Whatever you need pruned in your life, in you, the Master Gardener knows what you need and how to guide you there. I have been slowly opening and becoming receptive to following practices to meditate, to face the day, to be open to the hurt. Letting go in such Contemplative practices of praying without words, just sitting with God, with practices as centering prayer and lectio divina of the daily Scriptures and mindfulness (all prayer is good) daily, following my heart in playing piano and writing, dancing, deepening my connection with Nature, with photography, journaling, exercising and my dog and I training for and doing Pet Pals https://petpalscedarvalley.org/. As I have opened, like the lilac blooms, the Gardener moves in my heart. In the stillness, there are answers through listening.

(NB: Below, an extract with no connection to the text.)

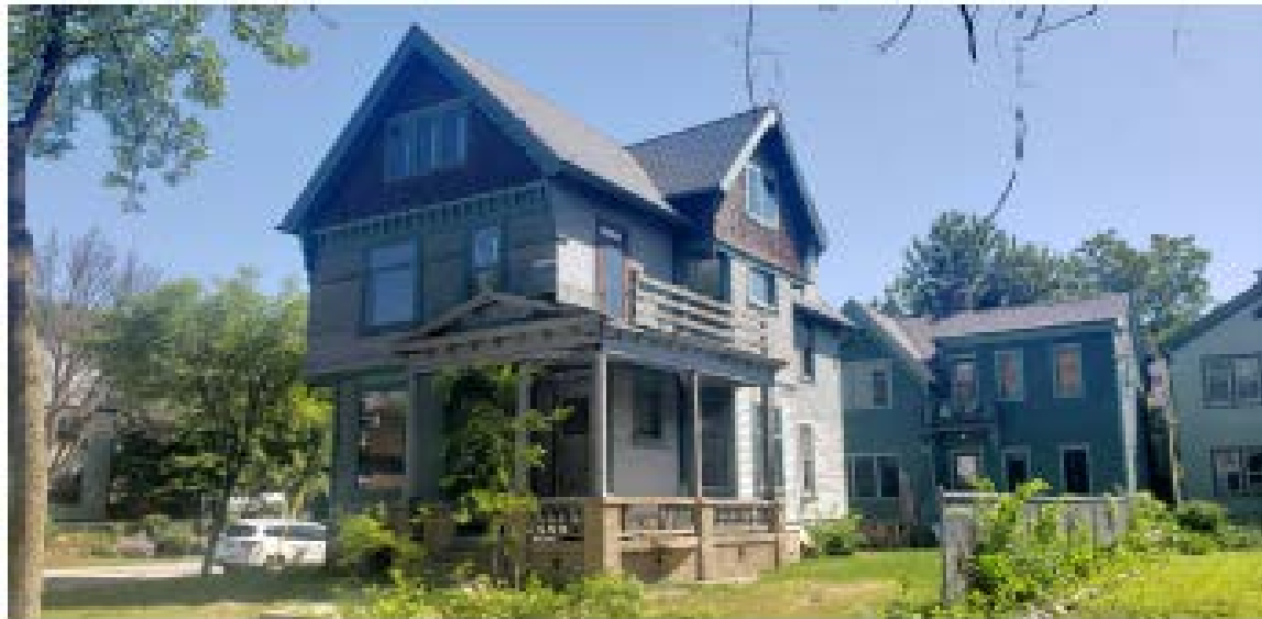
Existing property conditions

In John 15:1-17 Jesus says, “I am the true vine, and my Father is the Gardener. He cuts off every branch in me that bears no fruit, while every branch that does bear fruit, he prunes so that it will be even more fruitful. With each “pruning” I learn more about the wonder of being present, rusting the process, not determining the result. Let it come. Wonder.

Whoever looks on the outside dreams, whoever looks on the inside, awakens…Carol Jung. The Flow of Love, Life. Christ is in all. Are you willing to be still to perceive Him?

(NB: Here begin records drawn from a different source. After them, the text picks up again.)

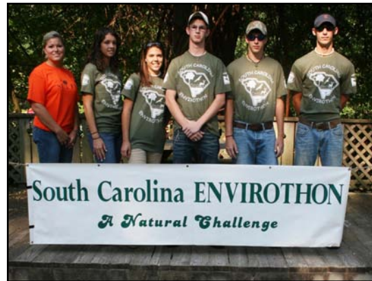
Two Teams that the Edgefield District Sponsored from Strom Thurmond .
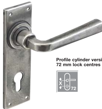
Profile cylinder version 72 mm lock centres
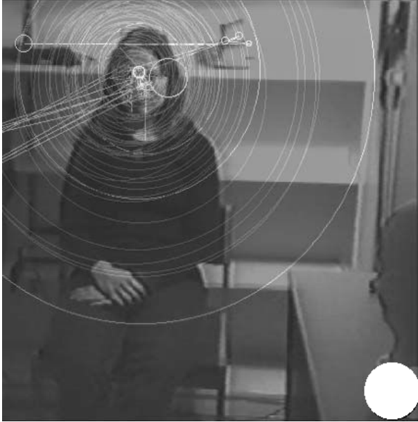
Figure 4. The saccades, fixation locations, and fixation durations of an addressee looking at a speaker. The diameter of the circles indicates the duration of the fixation. The fixation comparison point in the bottom right corner equals one second.
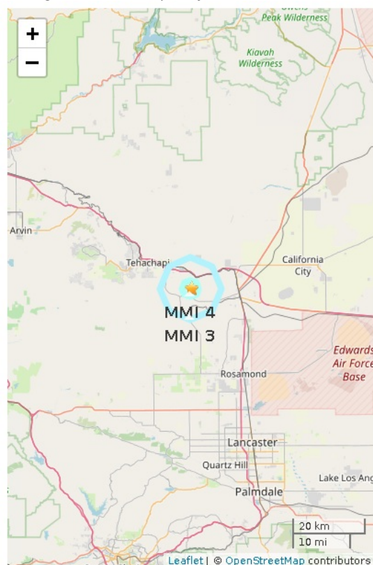
Figure 2. Polygons show shaking intensity contours for the peak magnitude estimate. Shaking of MMI 3 or less is often not felt. Star shows the ANSS earthquake epicenter.

Report created 2021-10-01 18:47:30 (Pacific)

What do you see? An unruly child getting messy with paint on her hands and clothes or a work of unjudged, loving creation springing forward. Paint on the face, with a giggle and joy of look what I did, Mom! Just for you! Curls tangled with a bow tilted at a cockeyed angle. We progress in our seeing with the joy deep inside your heart. Only one Being will judge.

Notes from a page or a piano solo expressing gentle, wordless joy of harmonies from the soul? A photograph of almost perfectly correct. The right composition or the capturing of an unjudged image of God’s love across the sky. Is it in the doing or in the process of being in faith? Becoming? A poem flowing from the heart of God’s love creating the world or a series of syllables flowing in exactly correct measure?

My constant fight with trying to fit in, to match up, struggles in life may be partly, but not completely over. Racing thoughts, self-judging, lack of focus lessened with less pressure to be that dependent on others person, that was part of the struggle I have faced. Understand that no one way is right for everyone, and I have found solace in guidance from those who have training to guide me. But I have had to be ready to listen. Are you ready to listen?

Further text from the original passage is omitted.